Far better to move it all to another station, along with Donald MacLeod, leaving Composer of the Week to concentrate on composers of art music. There remain literally thousands that the programme, for all its long history, has never featured.

* After a fashion: according to Friends of Radio 3's new blog, popular opinion - that of the liberal-reactionary majority on the Radio 3 messageboards ('discussion forums' would be a ludicrous misnomer) - supports such mindless initiatives, or, as the blog puts it in best BBCese, "the investigation of diverse genres".


January 2010 Class.Traitor Classic FM magazine (UK)

Indictment

2010's first Hall of Shame investiture goes to the Classic FM magazine, for its particularly awful February issue (published absurdly early in January).

As with its radio station sister, the endless adverts are there at every turn, and those for Caribbean cruises, upmarket supermarkets, laundry liquids and cinema releases all have their usual prominence beside the more musical ones in this issue.
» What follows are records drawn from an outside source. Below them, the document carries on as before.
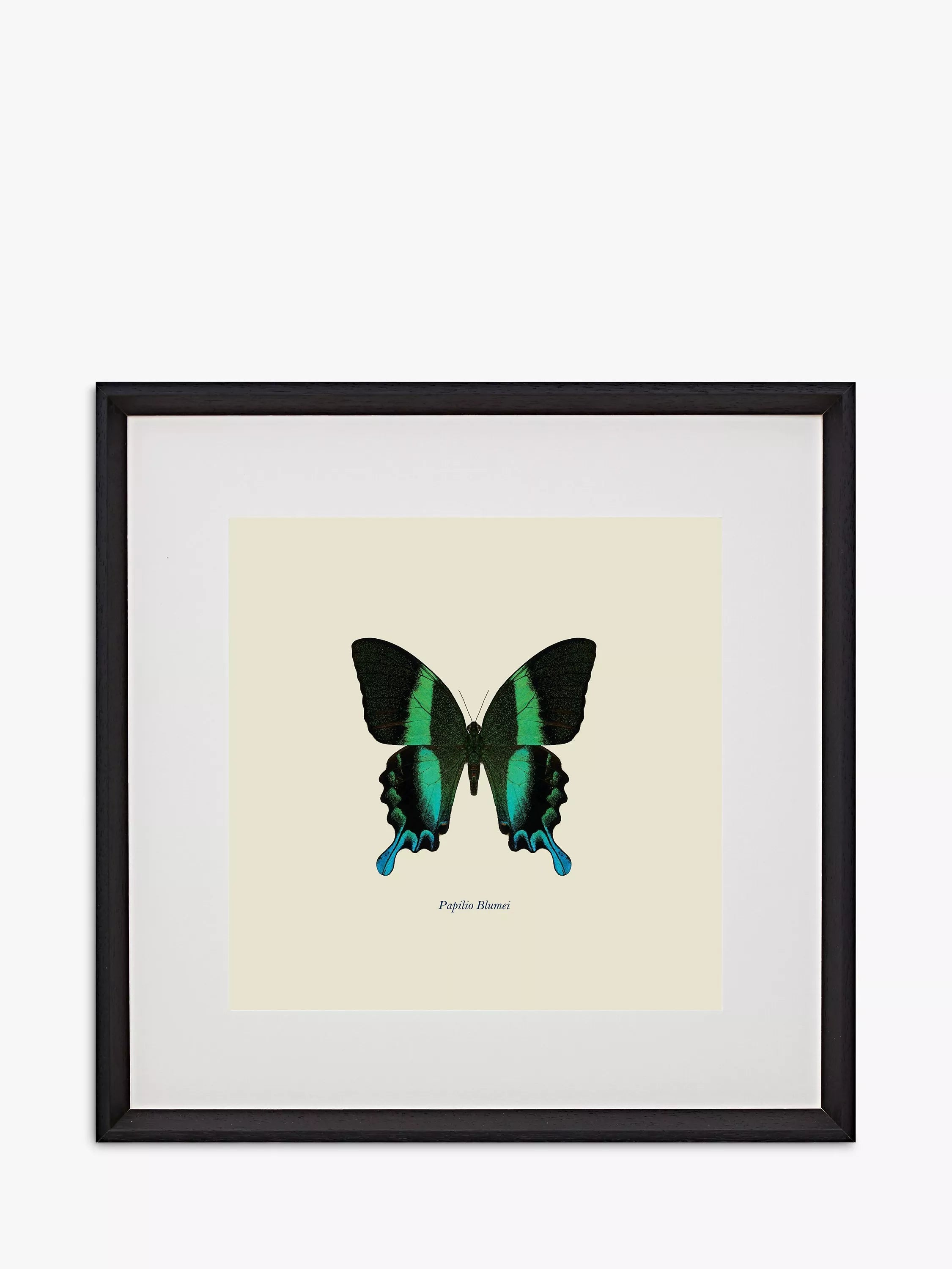 A colourful illustration of a butterfly, presented with a mount in a wood-effect frame.
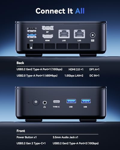 Conectividad completa: este mini PC compacto de escritorio incluye una amplia gama de puertos: 3 puertos USB 3.2 Gen 2, 1 USB 2.0, HDMI 2.0, DisplayPort 1.4, LAN Gigabit dual, un puerto tipo C y un conector de audio de 0.138 in. Admite una integración perfecta con servidores, sistemas de vigilancia, proyectores, monitores y varios periféricos, ofreciendo flexibilidad tanto para uso comercial como de oficina.
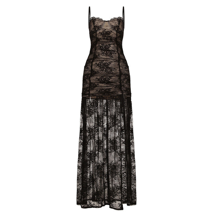 Lace ruched high slit cami maxi dress

But what makes the magazine more nauseating than usual this month are, firstly, the lists - yet more lists: not only the headline publication of the "The 50 Greatest Composers" (determined to no small degree by the availability of recordings on the Naxos label, who selflessly provide all the excerpts on the cover CDs), but also "the 25 classical composers without whom our heroes [the 50] could not have achieved greatness", the "Classical album chart" (a more misleading title is barely conceivable), this month's instalment of "The 100 classical recordings no listener should be without" and "50 works that changed classical music", "Five of the best: conductors", and the yearly appeal to readers to vote in Classic FM's notorious "Hall of Fame". The mindlessness of this list mania is discussed in B Listers.
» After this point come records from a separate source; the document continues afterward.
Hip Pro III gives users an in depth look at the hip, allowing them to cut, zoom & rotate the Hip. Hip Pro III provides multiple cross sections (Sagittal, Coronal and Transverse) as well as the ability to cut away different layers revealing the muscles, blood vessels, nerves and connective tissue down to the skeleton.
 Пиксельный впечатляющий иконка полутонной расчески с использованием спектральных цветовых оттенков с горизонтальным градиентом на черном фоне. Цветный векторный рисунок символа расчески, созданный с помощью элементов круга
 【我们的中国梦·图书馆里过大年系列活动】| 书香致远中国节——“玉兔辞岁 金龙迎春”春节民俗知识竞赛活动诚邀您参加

"The battle [...] for the Hall of Fame 2010" ("with NS&I") is actually "Top Story" in the magazine's "News" section - a good indication of the rest of the contents. Readers and listeners must send in their votes by the end of the month; one bovine reader has written to the Letters page helpfully suggesting "we should vote for a favourite section of a work, rather than consider a piece in its entirety"! Last year's Classic FM Countdown to the Hall of Shame covers the stupidity and cynicism of the whole exercise in considerable detail.
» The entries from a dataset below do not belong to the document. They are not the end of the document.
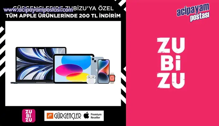 ZUBİZU’nun fırsatlar dünyasına Apple Yetkili Satıcısı Gürgençler de katıldı. Gürgençler mağazaları ve gurgencler.com.tr’den 31 Ağustos’a kadar yapacakları 15.000 TL ve üzeri alışverişlerde ZUBİZU üyeleri mevcut kampanyalara ek 200 TL indirim kazanıyor.
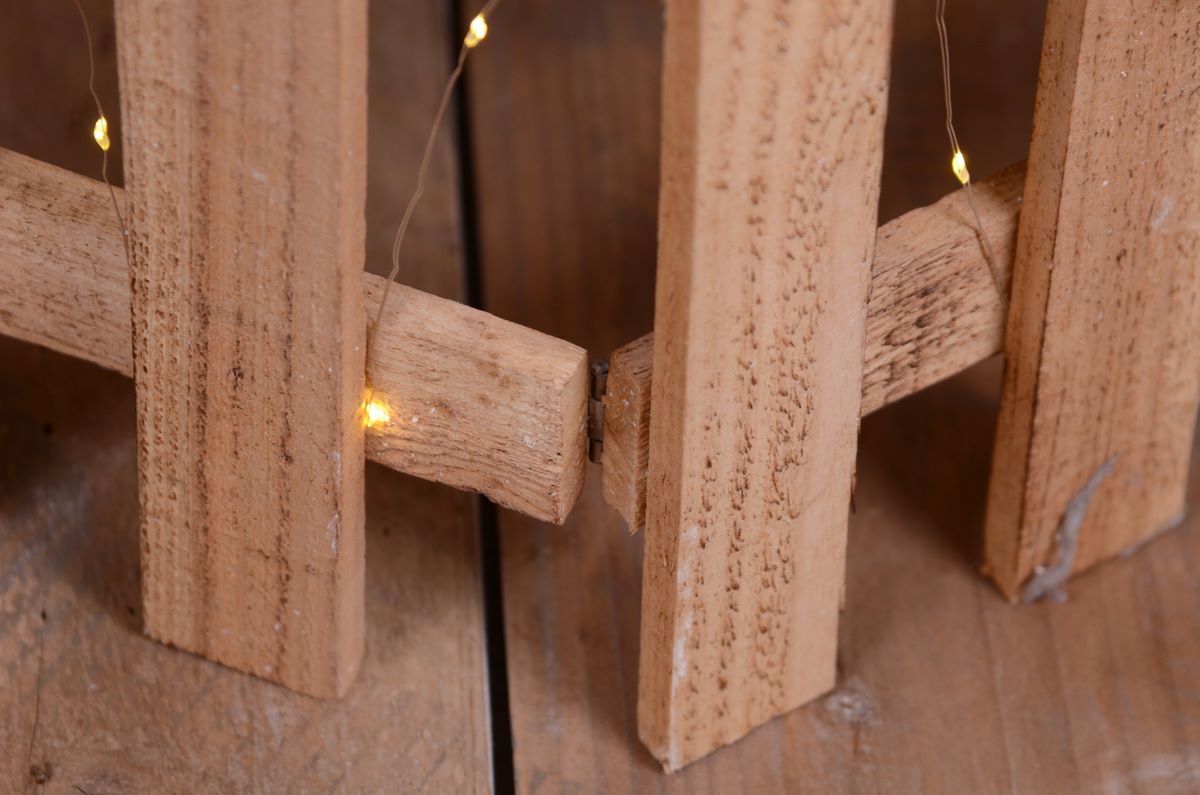 Decorative rustic fence adorned with small LED lights, foldable in half. Ideal for all types of Christmas settings, both in the studio and outdoors.
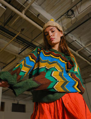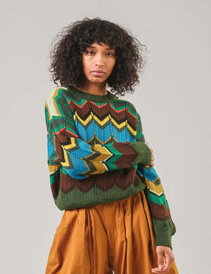 The iconic pattern of this cozy sweater pays homage to the great Missoni house. This colorway features a palette of colors that could be found on a brisk hike in the woods. Details: - By DEGEN - 100% Peruvian Wool - Model wears size S/M - Hand wash cold, air dry - Made by artisans
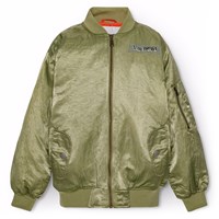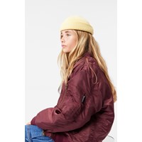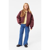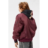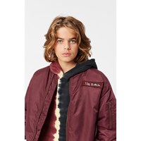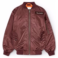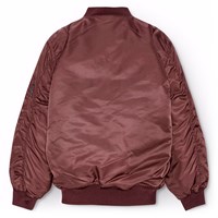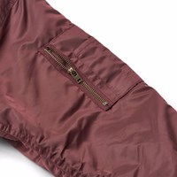 Classic burgundy bomber jacket with ribbed edges and practical pockets on the front and sleeves. The sleeves also have extra width and decorative wrinkle-seams along the entire length of the back of the sleeves. The inside is lightly padded and features an orange quilted lining with a small inner pocket that closes with a button. On the chest, there's a removable embroidered patch with the words "Im Real."
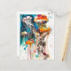 Cartão Postal Ilustração Abstrata em Aquarela de Água-viva

Another appalling feature in this issue is the "Download Site of the Month": Universal's Classics And Jazz.co.uk, which "dominates the crossover market". Here, Classic FM magazine's "reviews editor", Andrew Mellor - who by his own admission on page 46 first heard Bohuslav Martinů's music two years ago on Classic FM's Full Works programme; incidentally enough qualification in Classic FM circles for him to award a Martinů CD "Disc of the Month"! - excitedly reveals that you can get access to the "catalogues of those popular crossover artists, instantly accessible from the source that created them". "Extra features [...] include and sheet music download facilities". Mellor is elsewhere listed as "expert panellist".

Finally (for now), and on the subject of the big four money-grubbing music/media multinationals: typifying the magazine's glossy photo culture is its rather shameful description (with large glossy photo) of young female violinist Vilde Frang as "the violin world's hottest property". It should come as no surprise to learn that the company selling Frang as a commodity is EMI; and that her playing of Sibelius's Violin Concerto on her debut CD is both unsensitively engineered and musically undeserving of the hype.

Classic FM magazine thus fully merits its place of dishonour beside its sister in the Hall of Shame. But given the appaling quality of this shiny industry brochure, this certainly won't be its only nomination; already, next month's issue promises readers they'll "meet the stars of the TV show [ITV's double misnomer, "From Popstar to Operastar"] that teaches pop stars to sing classical".